Task
The lines to return are those from the line holding "こちらの入居者様は歩行器を使って歩行のリハビリです![]()" through the last line of the entries below, both included, written exactly and without pictures.

Extracted entries
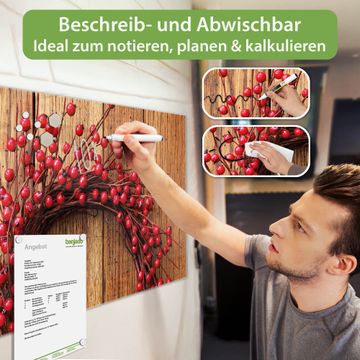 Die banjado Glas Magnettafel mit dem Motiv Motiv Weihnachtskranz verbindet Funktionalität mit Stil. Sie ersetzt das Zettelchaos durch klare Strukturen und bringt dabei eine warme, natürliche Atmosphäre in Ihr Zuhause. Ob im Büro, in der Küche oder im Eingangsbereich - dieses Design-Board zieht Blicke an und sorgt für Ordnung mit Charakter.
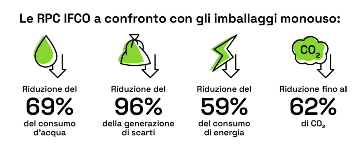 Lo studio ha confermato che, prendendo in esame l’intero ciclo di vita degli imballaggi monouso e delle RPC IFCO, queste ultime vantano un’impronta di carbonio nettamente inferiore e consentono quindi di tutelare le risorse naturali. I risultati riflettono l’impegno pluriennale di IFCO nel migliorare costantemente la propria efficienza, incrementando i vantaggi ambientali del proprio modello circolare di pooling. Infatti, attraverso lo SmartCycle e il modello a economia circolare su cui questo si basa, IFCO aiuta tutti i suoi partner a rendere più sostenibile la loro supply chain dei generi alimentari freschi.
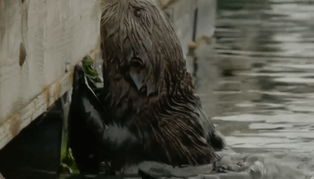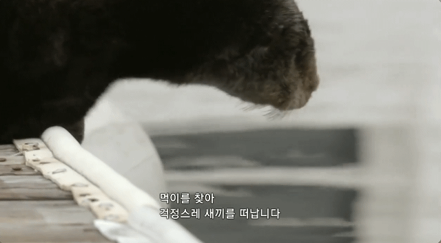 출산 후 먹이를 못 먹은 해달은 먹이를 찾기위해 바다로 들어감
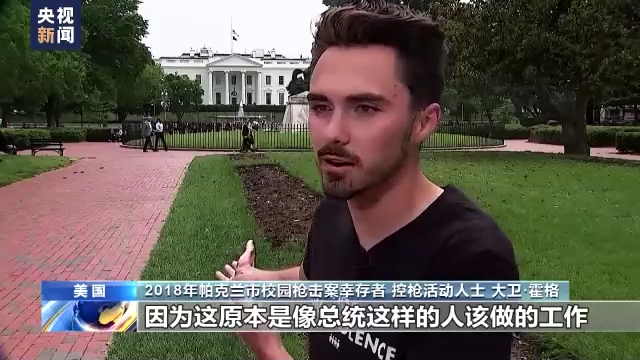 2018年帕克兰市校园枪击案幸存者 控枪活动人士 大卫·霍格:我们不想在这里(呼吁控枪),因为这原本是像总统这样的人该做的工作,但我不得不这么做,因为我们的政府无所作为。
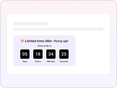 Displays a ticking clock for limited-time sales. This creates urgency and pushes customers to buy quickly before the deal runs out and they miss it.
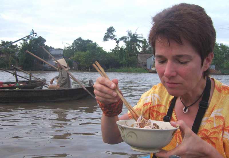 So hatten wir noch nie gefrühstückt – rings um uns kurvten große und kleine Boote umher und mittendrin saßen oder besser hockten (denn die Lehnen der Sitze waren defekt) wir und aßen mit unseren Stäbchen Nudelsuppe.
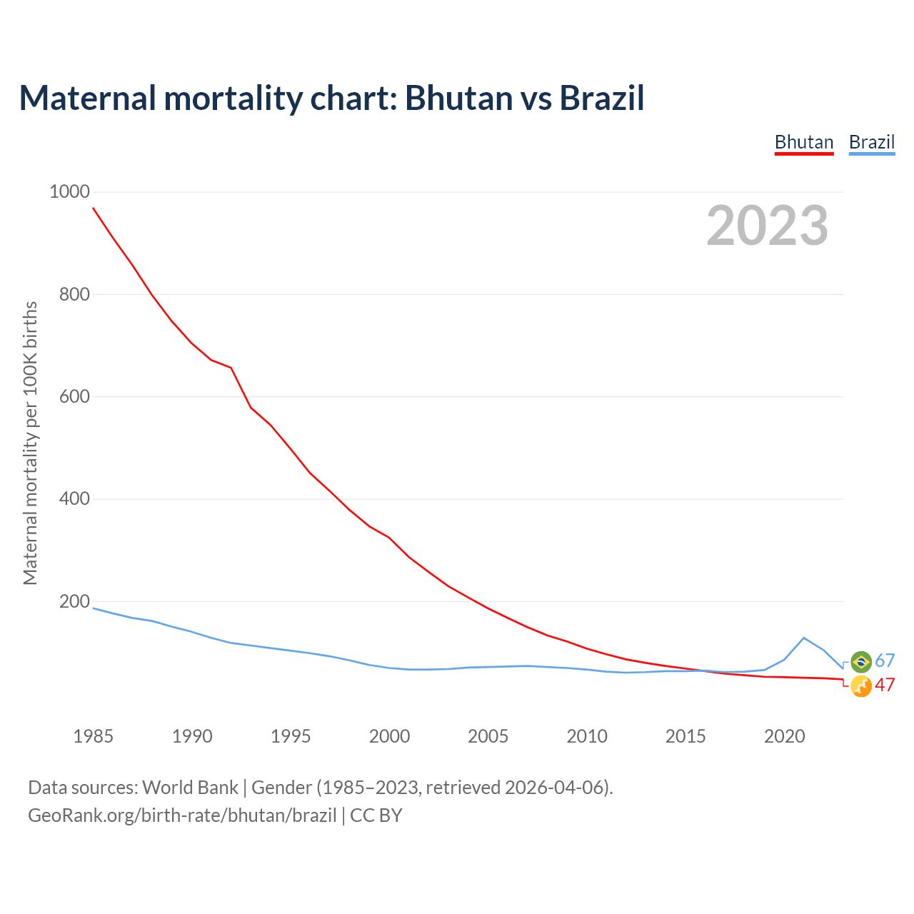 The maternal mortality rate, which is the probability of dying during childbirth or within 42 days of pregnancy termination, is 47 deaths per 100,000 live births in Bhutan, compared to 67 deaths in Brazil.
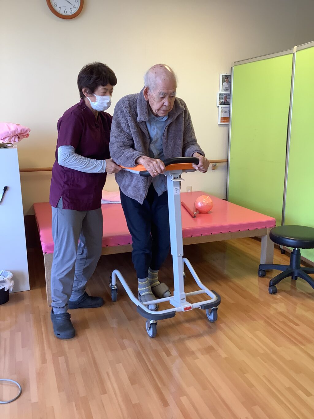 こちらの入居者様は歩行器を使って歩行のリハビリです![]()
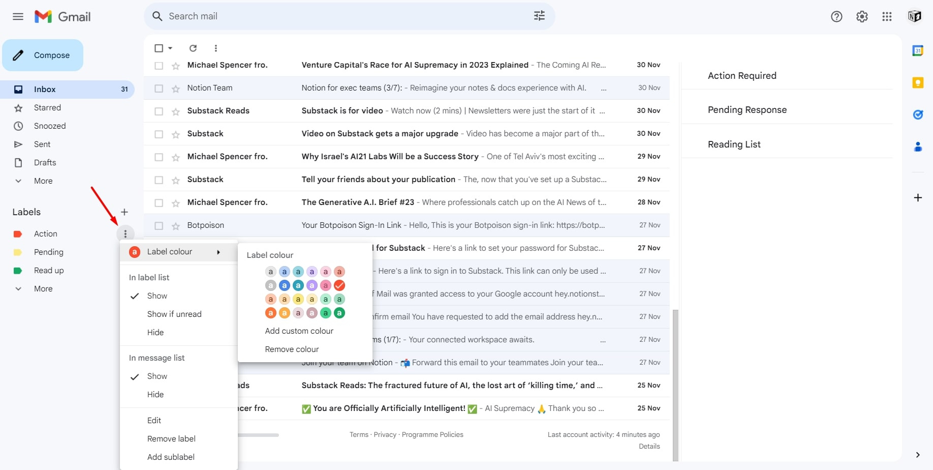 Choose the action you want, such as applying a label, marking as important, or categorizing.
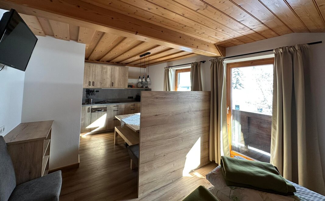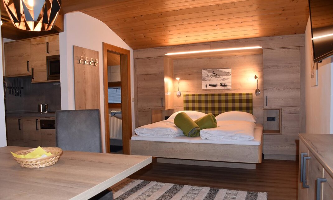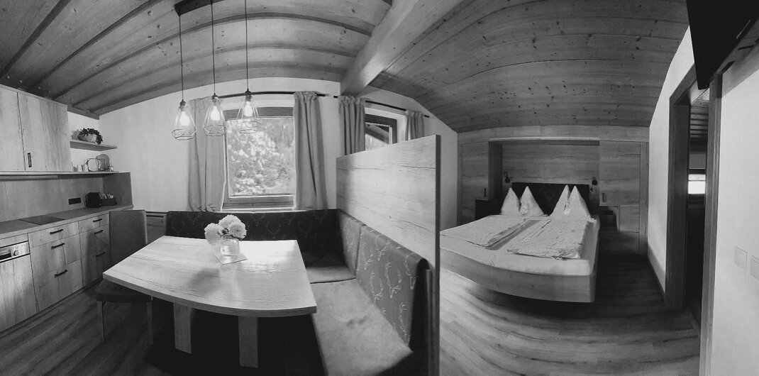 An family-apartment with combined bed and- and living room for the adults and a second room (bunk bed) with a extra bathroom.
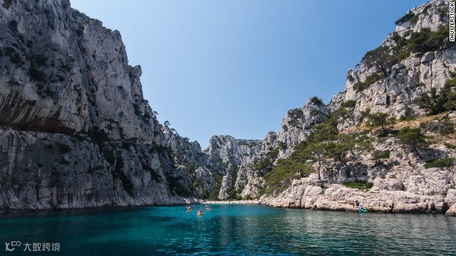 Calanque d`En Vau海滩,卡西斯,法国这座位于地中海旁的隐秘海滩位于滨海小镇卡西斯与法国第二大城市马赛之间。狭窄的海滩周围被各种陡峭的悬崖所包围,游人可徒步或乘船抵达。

Answer
 こちらの入居者様は歩行器を使って歩行のリハビリです![]()
 Choose the action you want, such as applying a label, marking as important, or categorizing.
 An family-apartment with combined bed and- and living room for the adults and a second room (bunk bed) with a extra bathroom.
 Calanque d`En Vau海滩,卡西斯,法国这座位于地中海旁的隐秘海滩位于滨海小镇卡西斯与法国第二大城市马赛之间。狭窄的海滩周围被各种陡峭的悬崖所包围,游人可徒步或乘船抵达。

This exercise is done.